**WHAT THE TASK ASKS**
Write out nothing but the lines from the one containing "イオンビームによって作り出さ" through the last line below, both included, and without the pictures.

#### RECORDS SUPPLIED

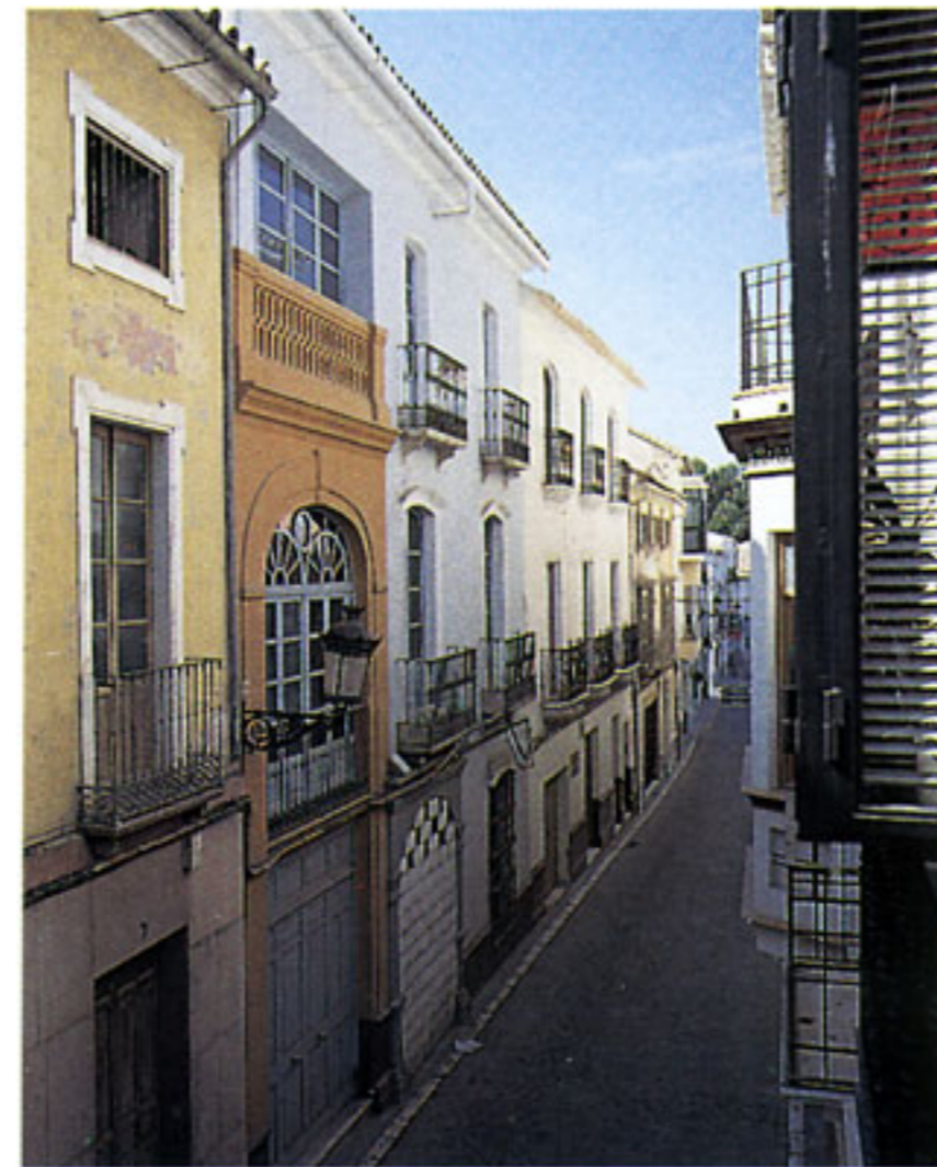
Estado de la fachada antes de la obra.

En 1915 el edificio cambió de propietario que lo adaptó a un nuevo uso de viviendas. Las obras se cree fueron efectuadas por Rodrigo García, autor de edificios relevantes en la población: el teatro Circo, el edificio en que ahora está ubicado el Casino, la fábrica de electricidad de la Aurora y la fábrica de harinas El Carmen.
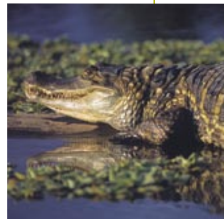
Los caimanes fueron muy abundantes en el Nanay en siglos pasados.

Los inventarios y evaluaciones efectuados por el Proyecto Nanay entre 2003 y 2004 han constatado la existencia de 149 especies de mamíferos. Entre ellas están registrados los marsupiales (17 especies), edentados (9), murciélagos (63), primates (13), carnívoros (13), cetáceos (2), ungulados (5) y roedores (27).
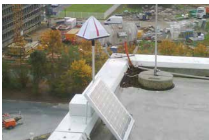
Solarbetriebenes Eagle Eye®. Keine Strominstallation erforderlich

Bei dem System handelt es sich um einen rotierenden Spiegel, welcher durch eine spezielle, neuartige Technik die Lichtstrahlen so reflektiert, dass diese die Gegenwart von Greifvögeln imitiert und so das Absitzen von fliegenden Vögeln unter dem Spiegel verhindert.
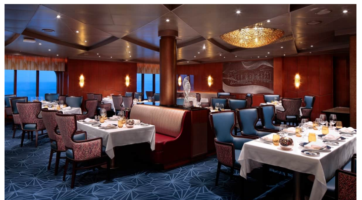
Rotterdam pääruokasali
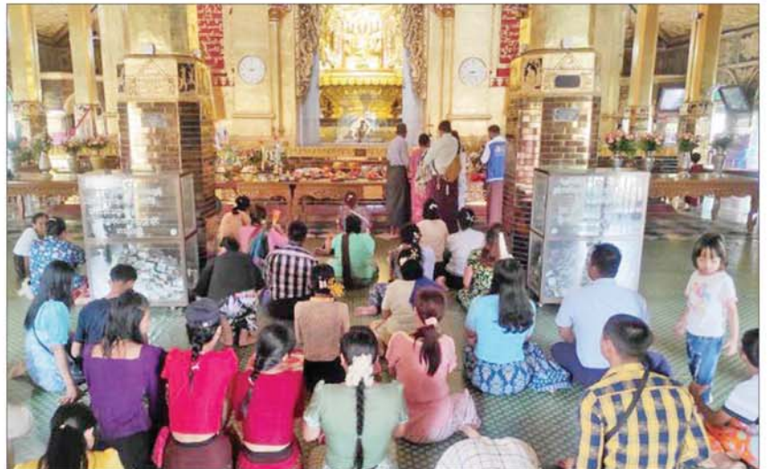
ဝါဆိုလပြည့်ကျော် ၁ ရက်နေ့တွင် ဘုရားဖူးလာပြည်သူများဖြင့် စည်ကားလျက်ရှိသည်ကို တွေ့ရစဉ်။
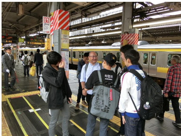
新宿駅で集合しました。
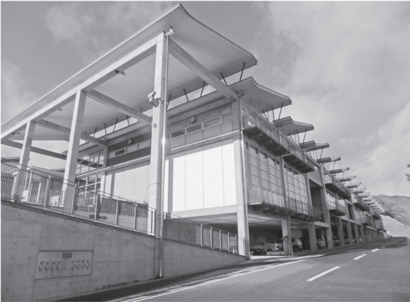
小学校の統合は（南山城小学校）

Q 現在の笠置中学校は、昭和24年に当時の笠置中学校・大河原中学校・高山中学校を統合し、組合立笠置中学校として運営
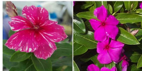
イオンビームによって作り出されたニチニチソウ 左の写真は、イオンビーム照射によって花に斑(ふ)の入ったニチニチソウ(右は一般的なニチニチソウ)

イオンビームは、 \gamma 線やX線よりも高い頻度で突然変異を引き起こすことができ、 \gamma 線やX線では起こりにくい突然変異をより高頻度で引き起こすことができることが分かって来ました。しかし、なぜそのような効果が生じるのかは未だによくわかっていません。
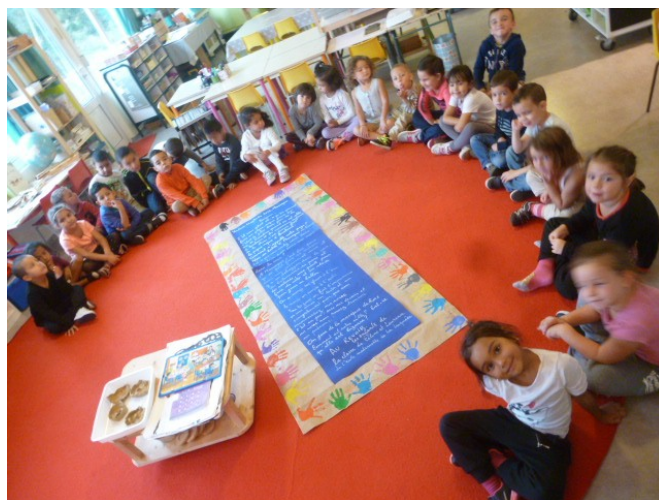
La grande lettre pour les correspondants

Les enfants de la classe de Céline et Laurence de La Luçquère

########

**EXPECTED OUTPUT**
イオンビームによって作り出されたニチニチソウ 左の写真は、イオンビーム照射によって花に斑(ふ)の入ったニチニチソウ(右は一般的なニチニチソウ)

イオンビームは、 \gamma 線やX線よりも高い頻度で突然変異を引き起こすことができ、 \gamma 線やX線では起こりにくい突然変異をより高頻度で引き起こすことができることが分かって来ました。しかし、なぜそのような効果が生じるのかは未だによくわかっていません。
La grande lettre pour les correspondants

Les enfants de la classe de Céline et Laurence de La Luçquère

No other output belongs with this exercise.